On February 3, 1939, The New York Times critic raved in a long review: “It is with boundless enthusiasm, with uncritical hornpipes in the street, and wild huzzas of approval that finally, at long last, we hail the arrival of an adult picture on the local screen. As a profoundly bitter preview—profound because its bitterness wears the mask of comedy—of the trivial circumstances which will undoubtedly attend the beginning of the next World War, "Idiot's Delight," at the Capitol, is as timely as tomorrow's front page... by the very nature of its theme, (it) exposes the essential idiocy and pointlessness of militarism, ... the suicidal greed, the monstrous complacency toward death and destruction which are not racial, but universal; not individual, but mass phenomena, as ugly and as international as hate. ....As for the chief characters, they have retained their considerable, if somewhat pat, theatrical charm, and they are still Mr. Sherwood's. ... we are ready to suppose that the present American ending, on what can only be described as a note of defiant hooferism, with Gable pounding on the piano and Miss Shearer ecstatically "trucking" as the walls collapse, was the best that was cinematically available. (There is a different ending for Great Britain, with sentimental songs). Even that effect of the conventional movie fadeout, as the bombers recede, we can accept.” Recalling the play's ending, he observed: “No doubt the fine irony of Mr. Sherwood's conclusion that feeling, as the "two cheap people" burst hysterically into "Onward Christian Soldiers." that the gods were laughing would have been unseemly in a movie theatre. ... Did we say that "Idiot's Delight" makes a swell movie? If you don't see it you'll be missing one of the year's events.”

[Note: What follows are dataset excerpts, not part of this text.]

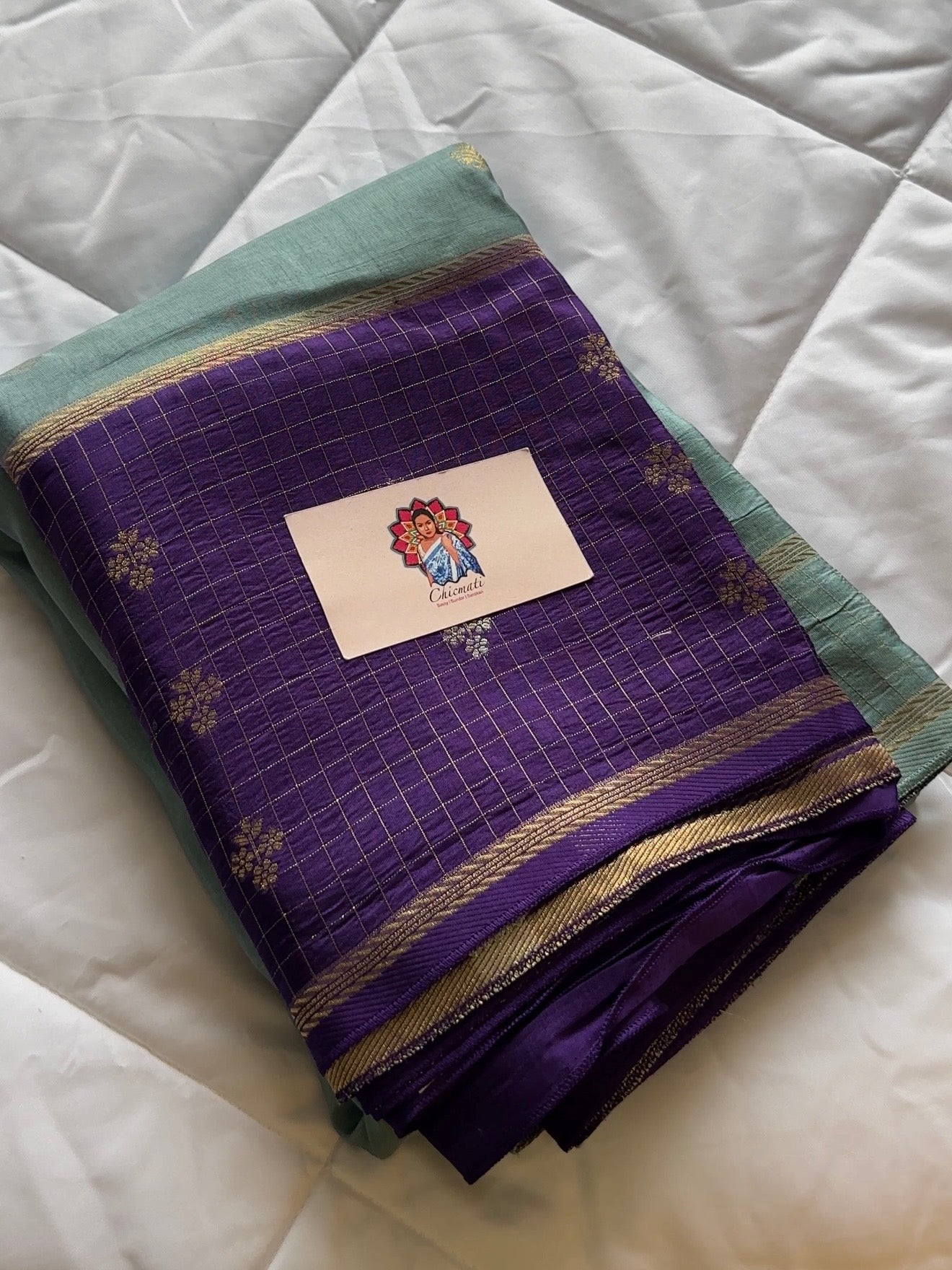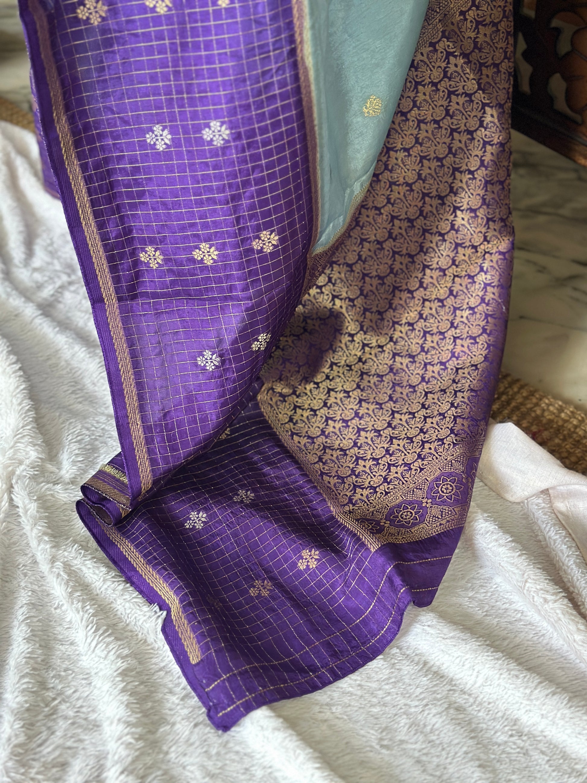 Elevate your ethnic wardrobe with this stunning viscose tIssar satin saree featuring a delicate powder blue base perfectly paired with a rich purple border. The saree exudes sophistication with its vintage checks purple border that adds a timeless charm.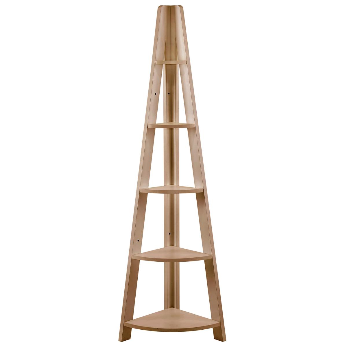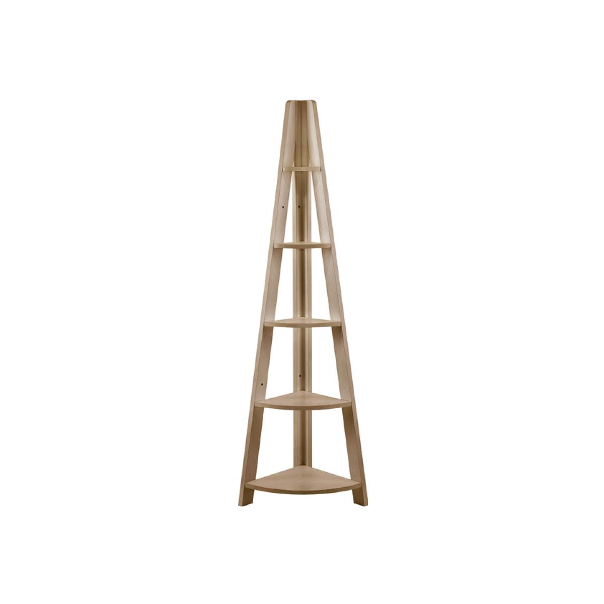 The Riva corner ladder shelving unit is a contemporary design in an oak wood effect finish. The modern pyramid-shaped unit features 5 handy storage shelves in a space-saving design.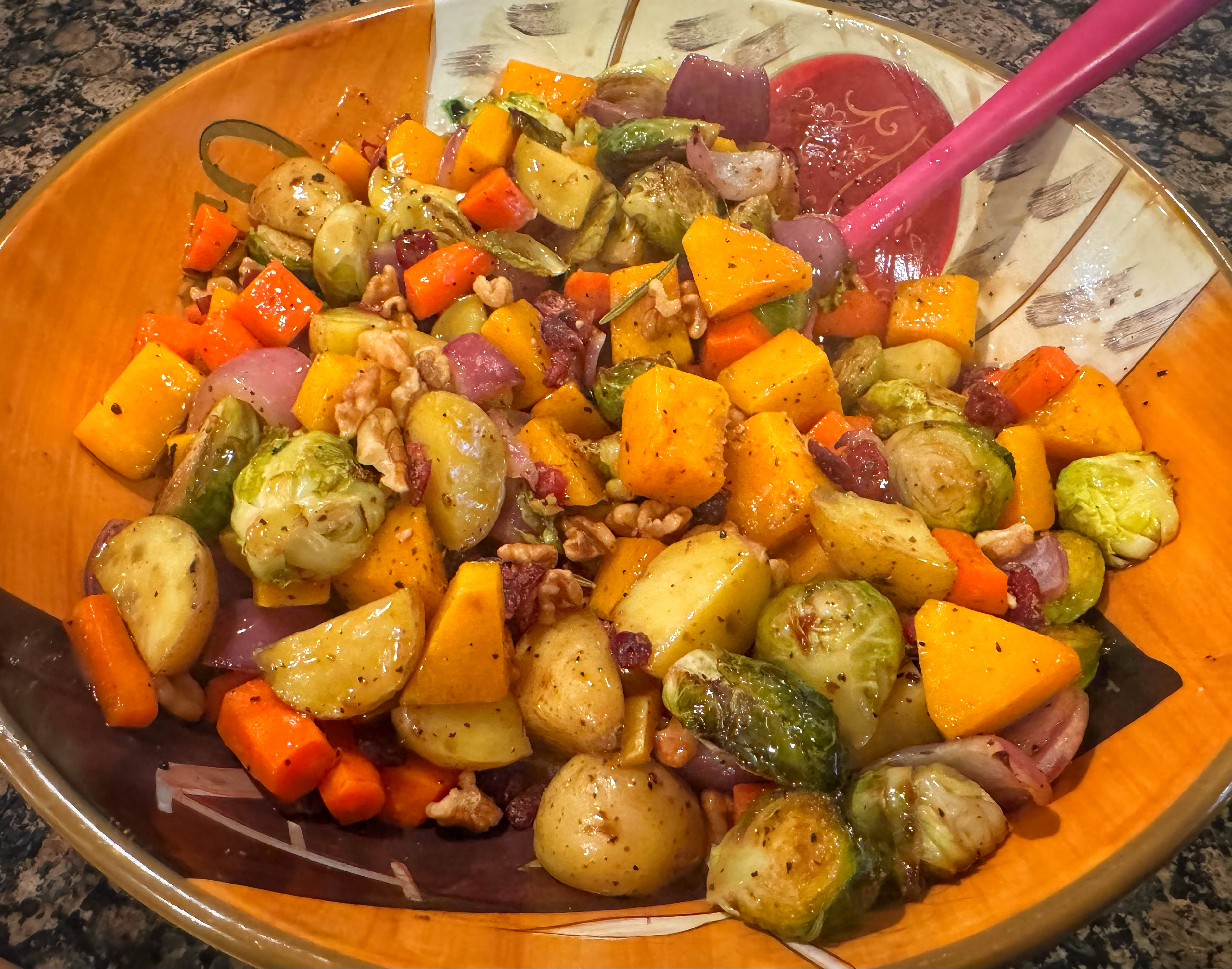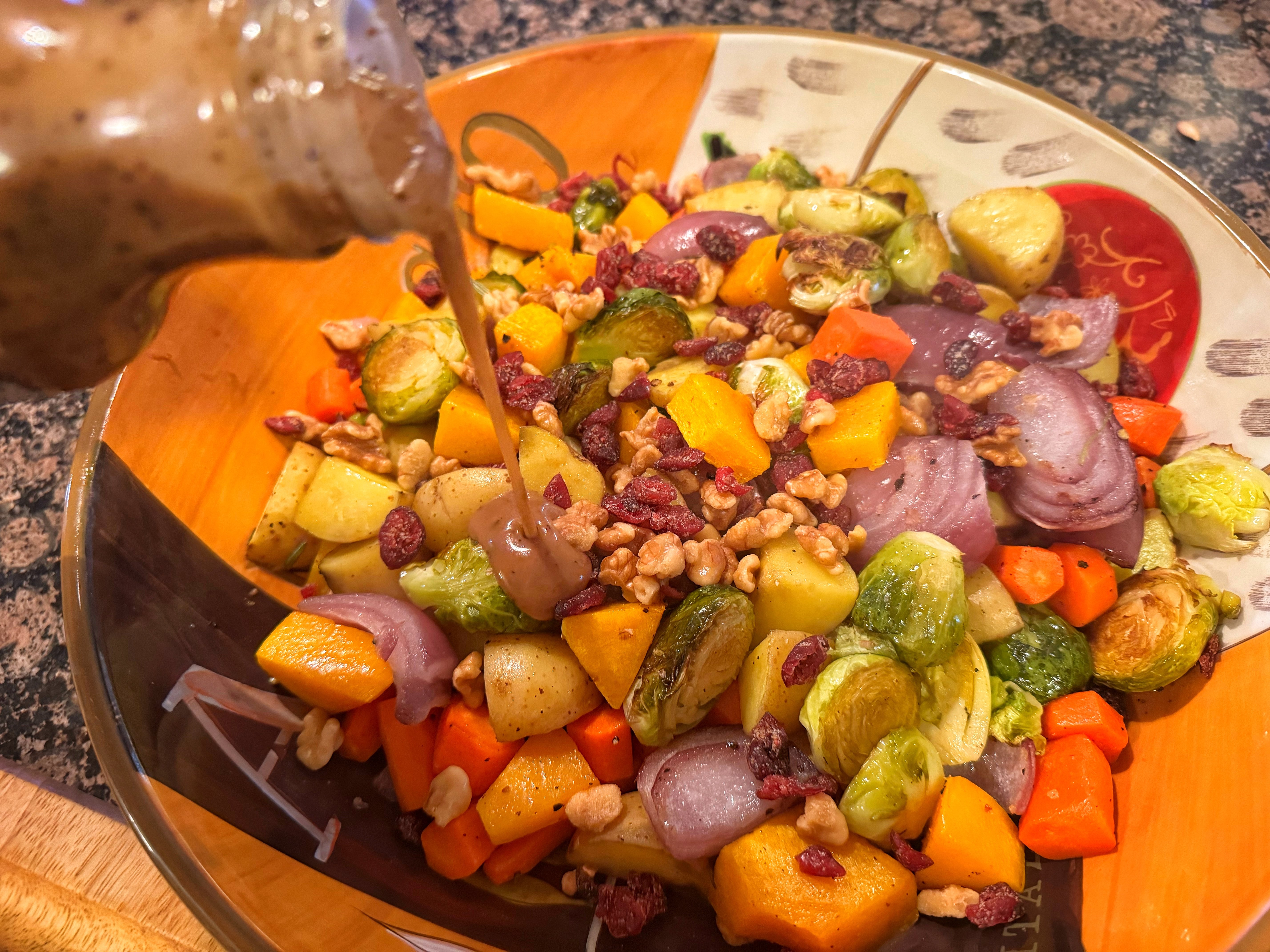 Once the veggies finished, tossed on the walnuts w/ dried cranberries and some Panera brand vinaigrette.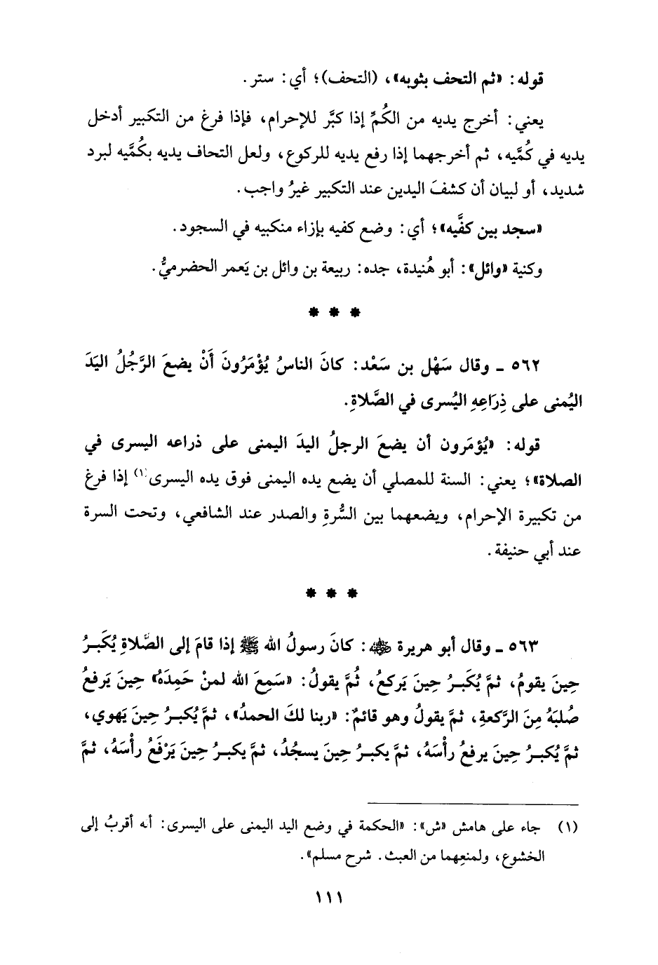 562 - وقال سَهْل بن سَعْد: كانَ النَّاسُ يُؤْمَرُونَ أَنْ يضعَ الرَّجُلُ اليَدَ اليُمنى على ذِرَاعِهِ اليُسرى في الصَّلاةِ.

Writing in The Spectator, Graham Greene observed: “Over-acting could hardly go further...”

Nelson Bell observed in The Washington Post on February 8, 1939: “Mr. Sherwood selected his title with a view to epitomizing his free notions of the motivation, in presumably high places, of armed conflict. His editorial instinct is highly emblazoned in the expression, in two words, of the only feasible basis that can exist for the precipitation of international slaughter.”

==Box office==
According to MGM records, the film recorded a loss of $374,000, one of only three films that Clark Gable made at MGM to lose money. The others are Parnell and Too Hot to Handle.